[Stored dataset items]

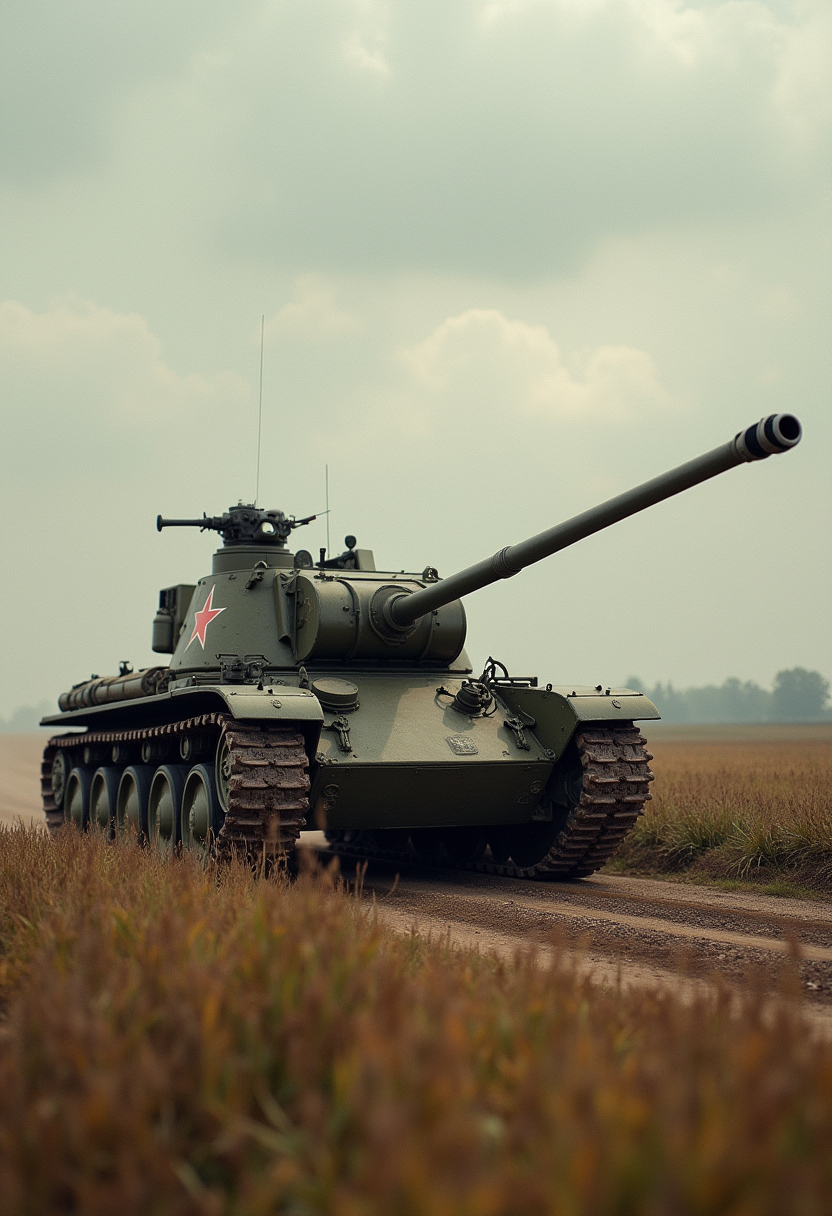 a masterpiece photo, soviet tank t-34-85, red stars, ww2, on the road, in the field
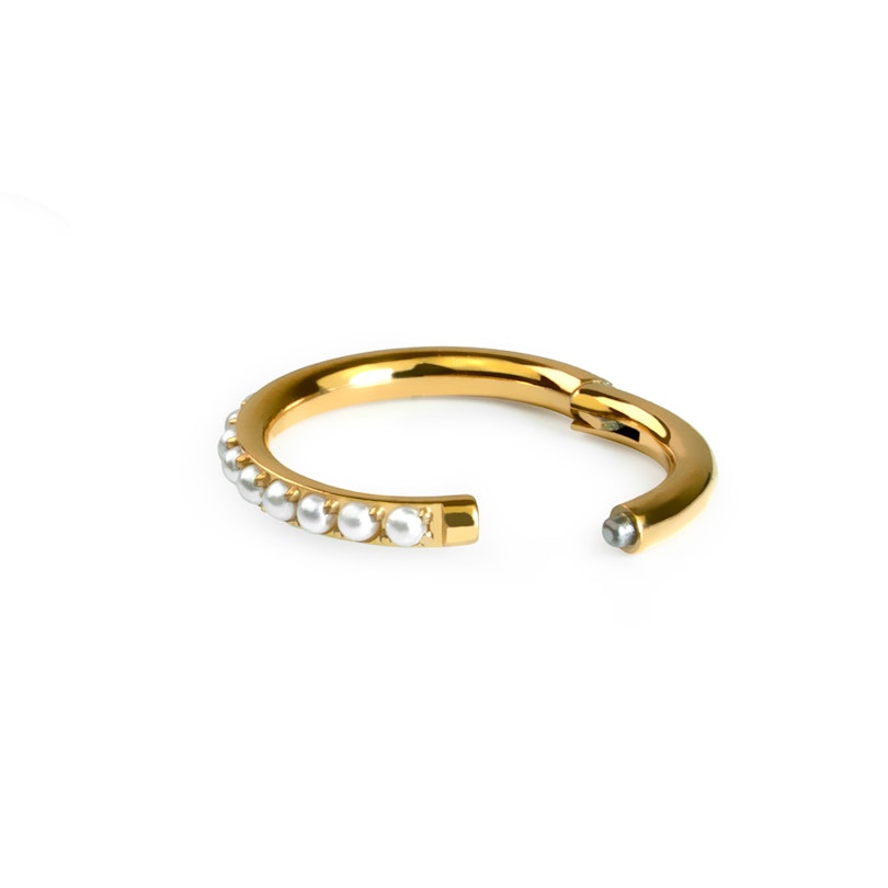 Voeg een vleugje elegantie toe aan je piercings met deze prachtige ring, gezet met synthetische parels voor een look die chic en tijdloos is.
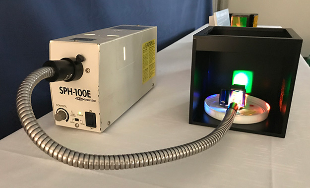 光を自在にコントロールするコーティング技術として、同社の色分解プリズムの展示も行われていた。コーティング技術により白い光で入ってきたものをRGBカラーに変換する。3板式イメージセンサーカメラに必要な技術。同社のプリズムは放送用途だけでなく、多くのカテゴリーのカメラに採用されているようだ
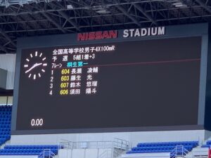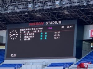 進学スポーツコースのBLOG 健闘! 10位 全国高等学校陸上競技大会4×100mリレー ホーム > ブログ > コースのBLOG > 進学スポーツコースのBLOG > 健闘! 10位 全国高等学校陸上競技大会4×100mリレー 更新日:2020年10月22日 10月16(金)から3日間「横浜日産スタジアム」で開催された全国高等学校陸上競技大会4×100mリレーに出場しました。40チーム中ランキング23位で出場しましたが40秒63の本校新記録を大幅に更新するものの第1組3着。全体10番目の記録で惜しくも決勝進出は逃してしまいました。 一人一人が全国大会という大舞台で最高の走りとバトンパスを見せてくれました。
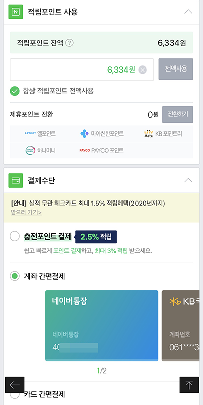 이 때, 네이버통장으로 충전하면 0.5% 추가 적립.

▶ _WHAT NEEDS TO BE DONE_
Using the entries above, transcribe every line from the line containing "Voeg een vleugje" through the line containing "光を自在にコントロールするコ". Do not copy pictures.

▶ _EXPECTED OUTPUT_
 Voeg een vleugje elegantie toe aan je piercings met deze prachtige ring, gezet met synthetische parels voor een look die chic en tijdloos is.
 光を自在にコントロールするコーティング技術として、同社の色分解プリズムの展示も行われていた。コーティング技術により白い光で入ってきたものをRGBカラーに変換する。3板式イメージセンサーカメラに必要な技術。同社のプリズムは放送用途だけでなく、多くのカテゴリーのカメラに採用されているようだ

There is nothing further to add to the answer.